Now the center is an edge `(u, v)`.

We only consider edges completely inside the component:

- For each `u in nodes`:
  - For each neighbor `v in adj[u]` such that `u < v` and `v in nodes`:
    - treat `(u, v)` as central edge.

For each such edge:

1. If `D == 0 or C == 1`, impossible in this odd length case (handled up-front in code).

2. `target = R = (D - 1) // 2`.

3. Start with `u` and `v` included:

   - `ssum = p[u] + p[v]`, `selected = [u, v]`.

4. If `target == 0` (i.e. `D = 1`):

   - The subtree of diameter 1 is simply `{u,v}` (one edge).

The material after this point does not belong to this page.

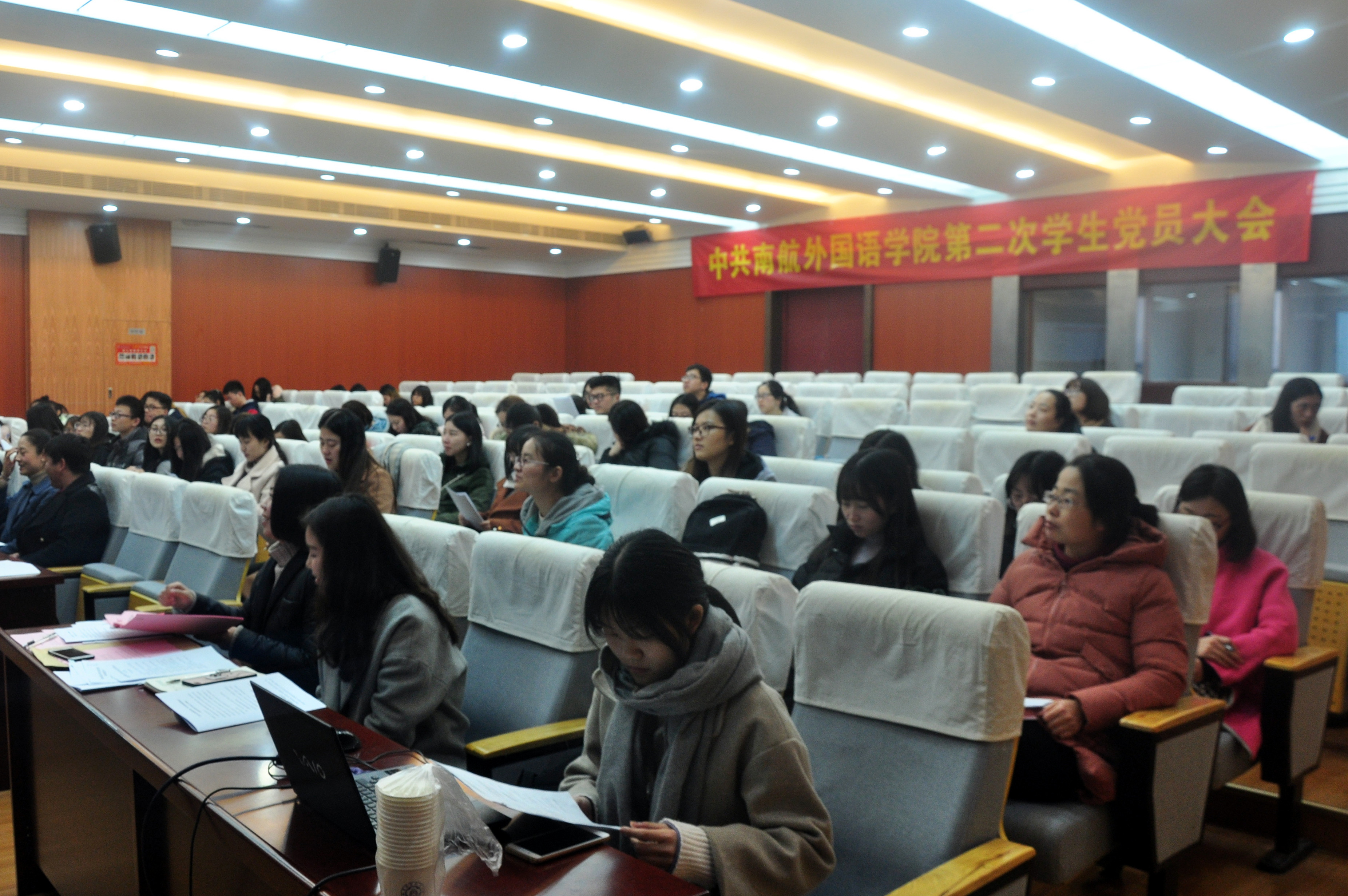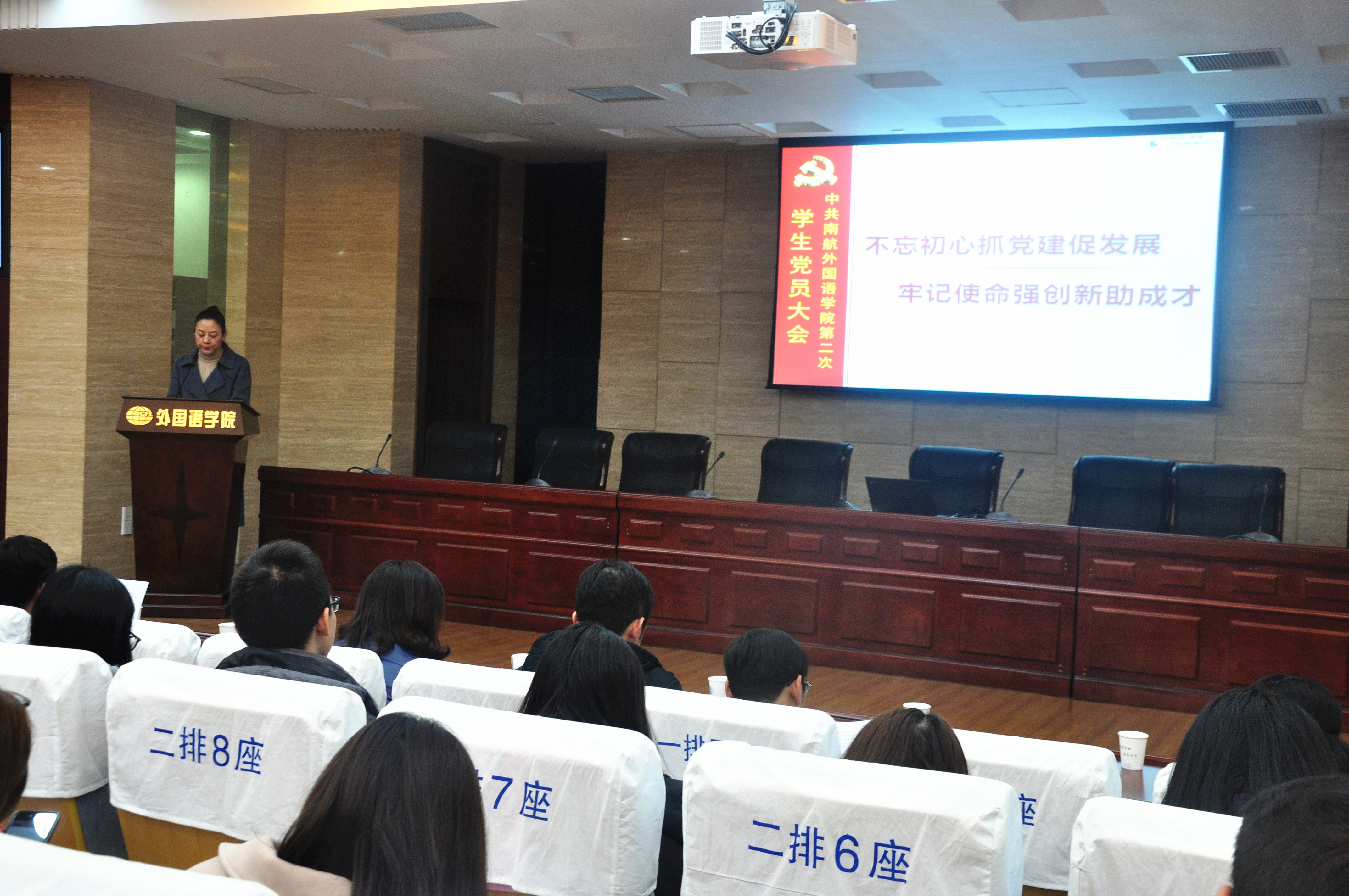 2017年12月22日中午,十三水在线 学生党总支第二次党员大会在将军路校区召开。校党委组织部正科级组织员王宁,院党委书记刘健荣、党委副书记梁薇,英语系、日语系负责人,各年级辅导员和全体学生党员参加了会议。大会由院团委书记杨一主持。

With `C >= 2`, this is valid; return these.

5. For every other node `w in nodes`:

   - `du = dist_all[u][w]`, `dv = dist_all[v][w]`.

   - If `du < dv` (w is closer to u-side):
     - If `du < target`: interior on u-side ⇒ include it.
     - If `du == target`: boundary candidate on u-side ⇒ add to `bound_u`.

   - Else (dv ≤ du, closer to v-side):
     - If `dv < target`: interior on v-side ⇒ include.
     - If `dv == target`: boundary candidate on v-side ⇒ add to `bound_v`.

6. We must form diameter endpoints from both sides:

   - If `bound_u` or `bound_v` is empty, we can’t get endpoints at distance `D` from each other ⇒ skip this edge.

7. Select endpoints:

   - `bu` = node in `bound_u` with maximum `p`.
   - `bv` = node in `bound_v` with maximum `p`.

   - Add them: `ssum += p[bu] + p[bv]`, include them in `selected`.

8. Extra endpoints if allowed (`C > 2`):

   - `rem = (bound_u \ {bu}) ∪ (bound_v \ {bv})`
   - Choose up to `to_take = min(len(rem), C - 2)` highest-value vertices, include them.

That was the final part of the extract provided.